エンチュクロぺディーへの序論

 § 1 哲学は、他の諸科学のように、その対象を直接に表象によって承認されたものとして前提したり、また認識をはじめ認識を進めていく方法をすでに許容されたものとして前提したりするという便宜を持っていない。なるほど哲学はまず宗教と共通の対象を持ってはいる。両者ともに真理を対象としており、しかも、神が真理であり、神のみが真理であるという最高の意味における真理を対象としている。
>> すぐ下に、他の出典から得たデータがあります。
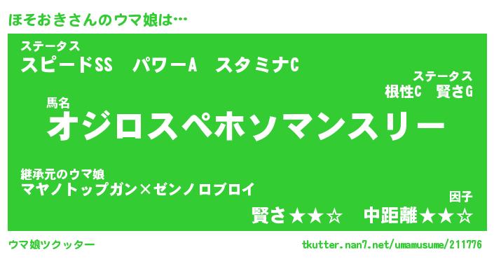 | 欧米人風あだ名 | 『マイケルほそおき』『ウサインほそおき』 |
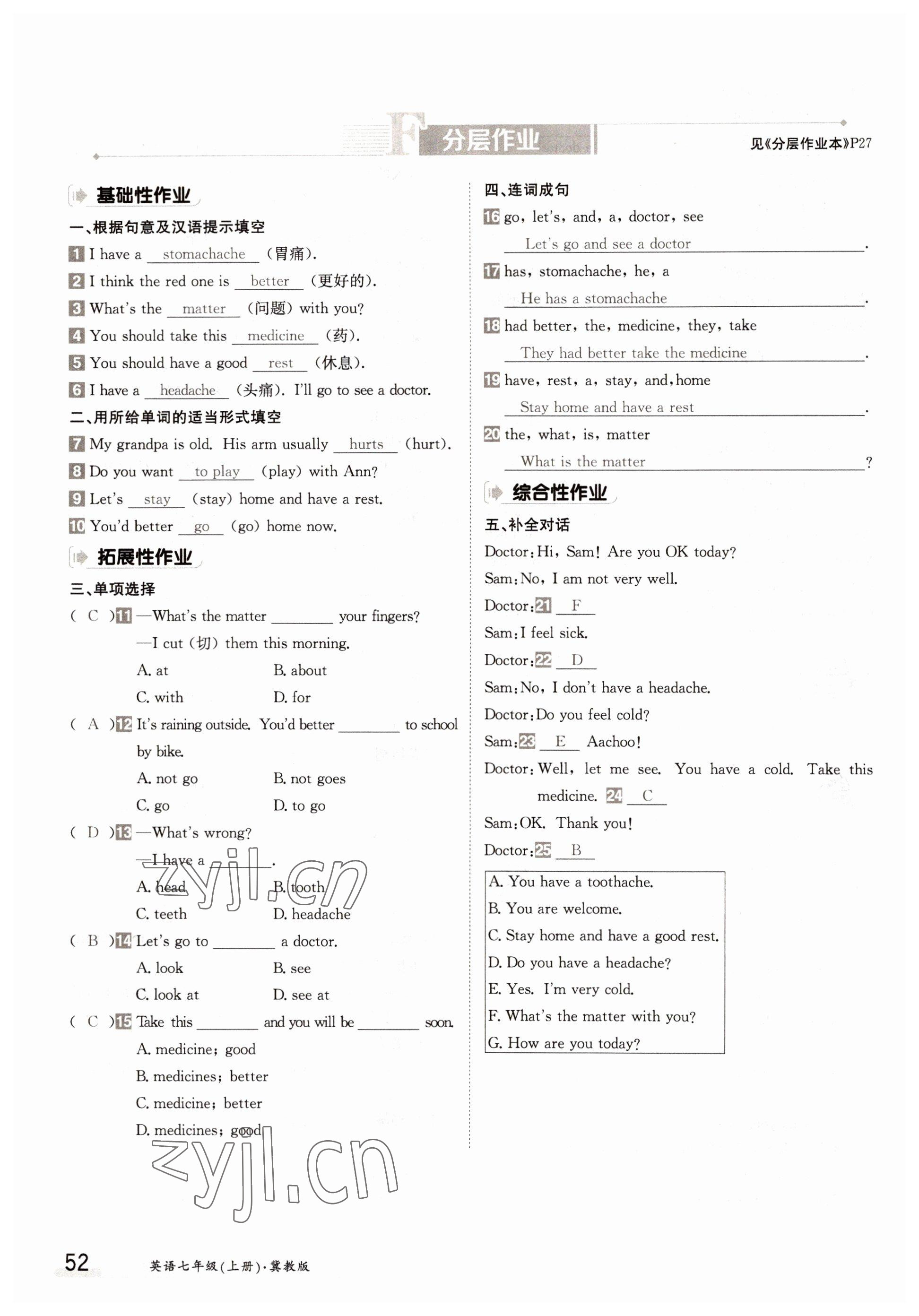 注:目前有些书本章节名称可能整理的还不是很完善,但都是按照顺序排列的,请同学们按照顺序仔细查找。练习册 2022年三段六步导学测评七年级英语上册冀教版 答案主要是用来给同学们做完题方便对答案用的,请勿直接抄袭。

また両者ともに、有限なものの領域、即ち自然および人間の精神、それらの相互関係、およびそれらの真理としての神とそれらとの関係を取り扱っている。従って哲学は、我々がその対象を識っていることを前提し得るのみならず、それを識りそれに関心を持っていることを前提しなければならない、とさえ言える。このことは、意識は、時間からすれば、対象の概念よりも表象の方を先に作るものであり、しかも思惟する精神は、表象作用を通じまた表象作用に頼ってのみ、恣意的な認識および把握へ進むものであることを考えただけでも明らかである。
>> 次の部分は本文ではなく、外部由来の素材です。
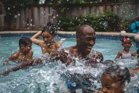 Family playing in water at swimming pool
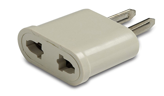 Permite enchufar aparatos con clavijas redondas (de espigas finas o gruesas) en enchufes para clavijas planas. El tipo de enchufe que se usa en varios países americanos.
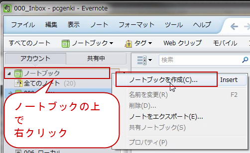 2.または、左パネルのノートブックの上で右クリック。ノートブックを作成をクリック。
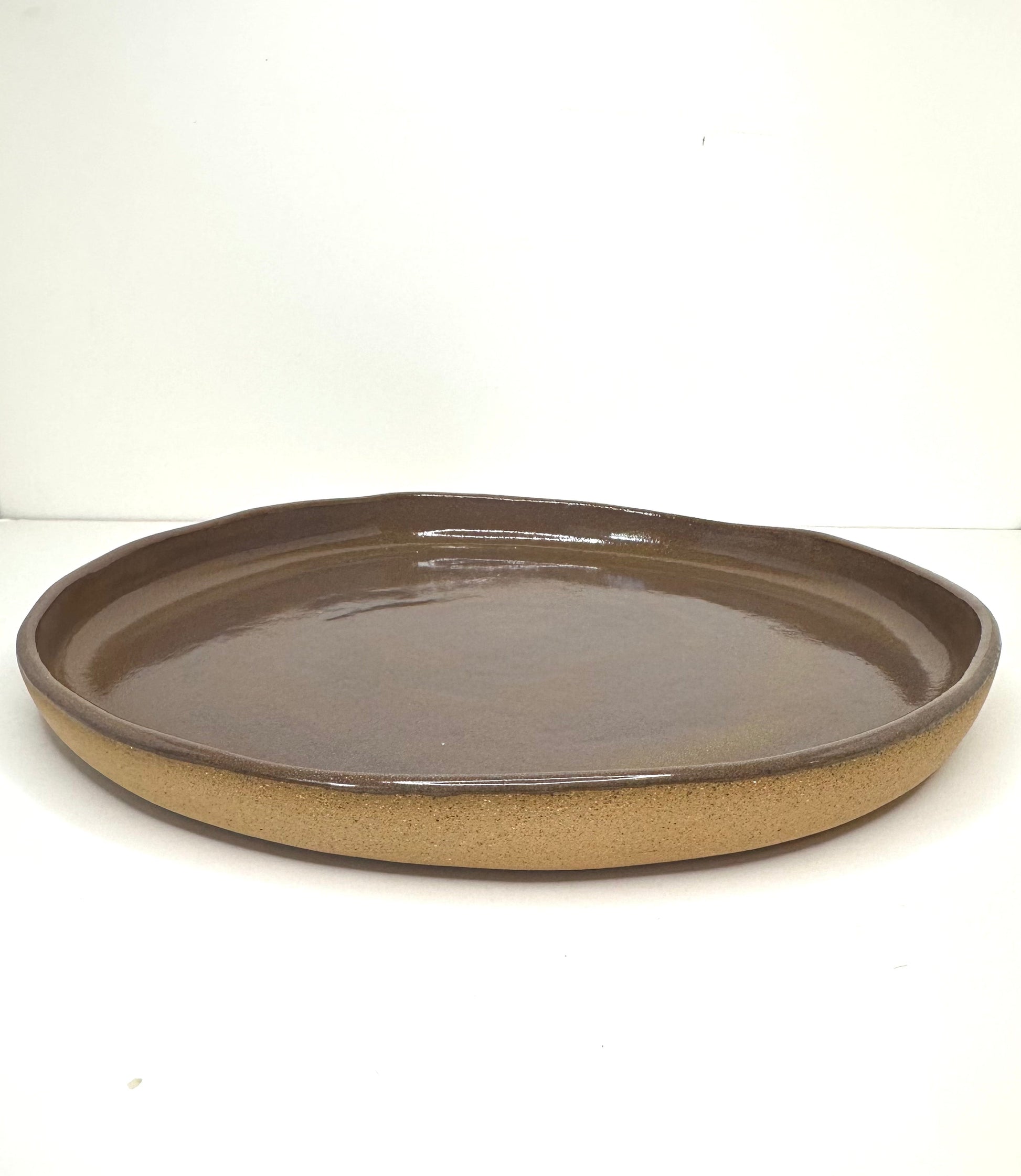 Handcrafted large plate, with a diameter of 11" and 1" tall. Due to the artisanal nature of these pieces, slight variations in height and size are to be expected, a charm of handmade craftsmanship. These versatile plate/bowl is perfect for various uses. Mix and match with the medium and small FRECKLES collection of plates and cups to create your unique combinations. CLAY: Light brown with black speckles. GLAZE: Glossy Mushroom color. Handcrafted from USA-sourced clay. Unique, mold-free, small-batch production. Glazed finish (not microwave-safe). We recommend handwashing to prevent surface decay and scratches. Please note that slight variations in size may occur due to the clay's natural behavior during the drying and firing process.
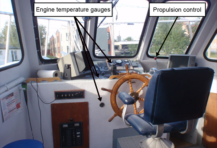 The navigation console includes a magnetic compass, radar, and a very high frequency (VHF) radiotelephone. The engine panel, situated in front of the conning position, includes various indicators for engine parameters (e.g., oil, voltage, revolutions per minute, engine temperature). There are 3 engine temperature gauges on the navigation console: 1 on the engine panel, 1 located to the left of the helm, and 1 located at knee height (Photo 2). These gauges indicate the engine coolant temperature. The console also includes a fire detection system consisting of a visual and audible alarm that is activated by a heat detector located in the engine compartment. The detector was installed on the after bulkhead of the engine compartment, which was as far from the engine as possible.Footnote 1 The propulsion control is located to the right of the engine panel.
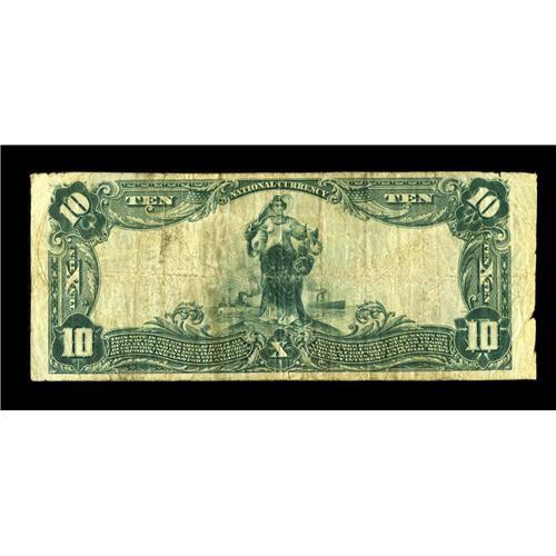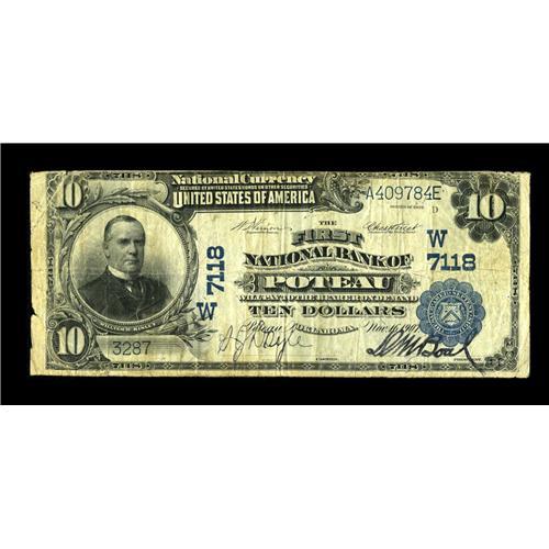 <B>Poteau, OK</B></I> - $10 1902 Plain Back Fr. 626 <B>The First NB</B></I> Ch. # (W)7118<BR>The census from this very rare community stands at just six pieces, one from the town's other bank (which has never been offered for sale) and five from this bank, two Territorials and three state notes. Only two of that number have ever been offered at public sale, one of which was part of this collection in our last auction, realizing just over $4000. This example is not quite as high grade, but still should fetch a substantial sum before the hammer falls tonight. <B>Fine,</B></I> with the top margin trimmed just a bit close.<BR><BR><b>Shipping:</b> Coin/Currency (<a target="_blank" href="http://www.heritageauctions.com/common/shipping.php">view shipping information</a>)
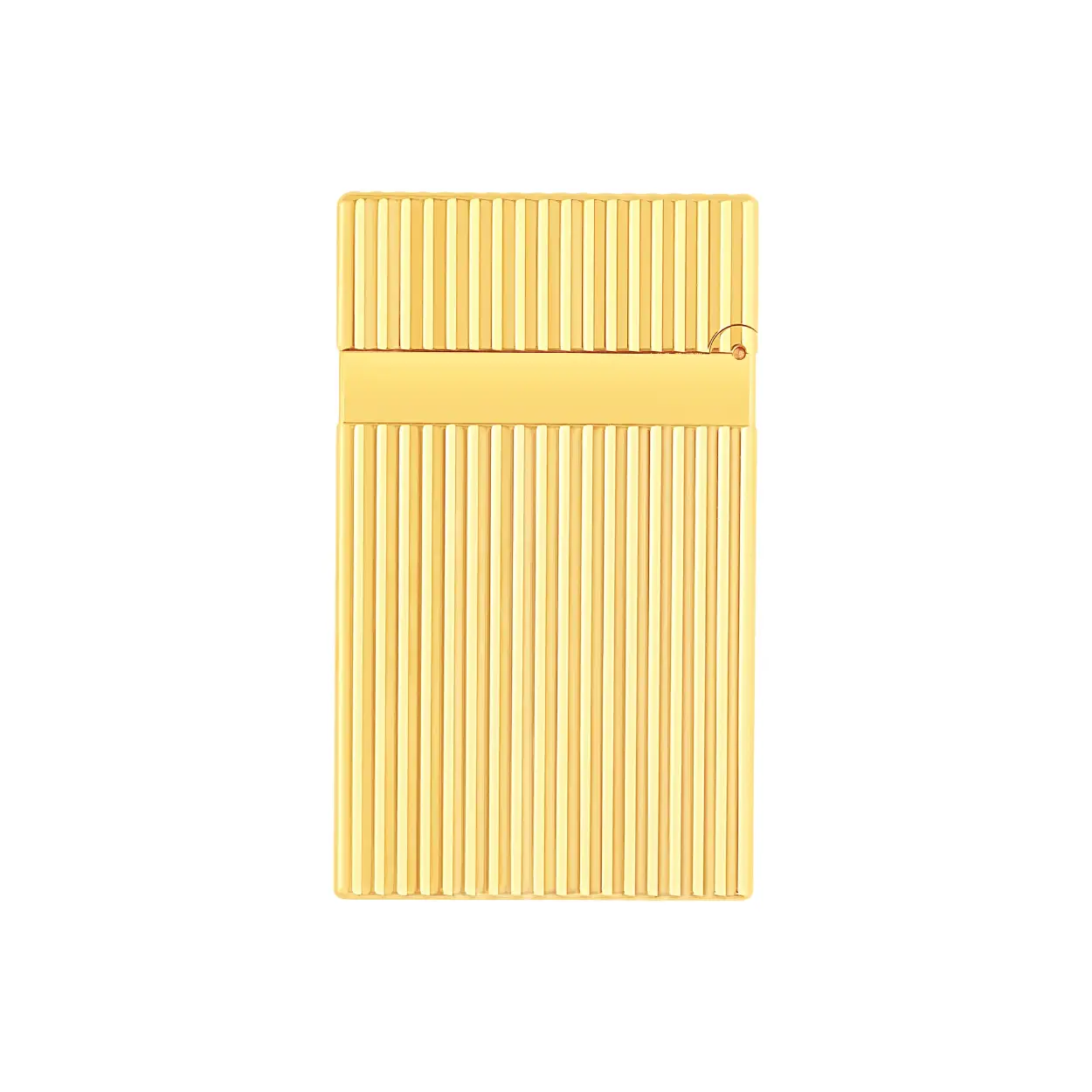 Dubbele vlam gele aansteker. Versierd met verticale guilloche en geelgouden afwerking. Met de bekende "Cling" bij het openen. Bijbehorende aanstekersteen: zwart (REF 900601). Bijbehorende gasvulling: geel (REF 900432). Aansteker geleverd zonder benzine, navulling apart verkrijgbaar.

 しかし、思惟的な考察をしてみればすぐ分かるように、思惟的な考察というものは、その内容の必然性を示し、その対象の諸規定のみならずその対象の存在をも証明しようとする要求をその内に含んでいるものである。従って単に対象を識っているだけでは不十分であり、また前提や断言を作ったり承認したりすることは許されないことである。しかしそれと共に始めを作ることの困難が生じて来る。なぜなら、始めは直接的なものであるから、それは前提を作るものであり、あるいはむしろそれ自身前提であるからである。
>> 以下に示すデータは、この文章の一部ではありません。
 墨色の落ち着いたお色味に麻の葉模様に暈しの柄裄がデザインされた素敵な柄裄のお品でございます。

 § 2 哲学はまず一般的に言って、対象を思惟によって考察することと定義され得る。しかし人間と動物との区別が思惟にあるということが正しいとすれば(そしてこれは確かに正しいことであろう)、全て人間的なものが人間的であるのは、それが思惟によって成就されるということに依るのであり、しかもただそのことにのみ依るのである。しかしながら哲学は、思惟の一つの独自の様式、即ちそれによって思惟が認識となり概念的認識となるような様式であるから、哲学的思惟と、あらゆる人間的なものの内に働いており、しかも人間が人間であるゆえんを作り出す思惟とがどんなに同一であり、即自的にはただ一つの思惟であるにせよ、両者の間にはやはり差別もあるであろう。この区別は、人間の意識内容が本来思惟に基いていながら、最初は思想という形式をとって現われず、感情や直観や表象というような、形式上思惟と異なった諸形式をとって現われるということと関係があるのである。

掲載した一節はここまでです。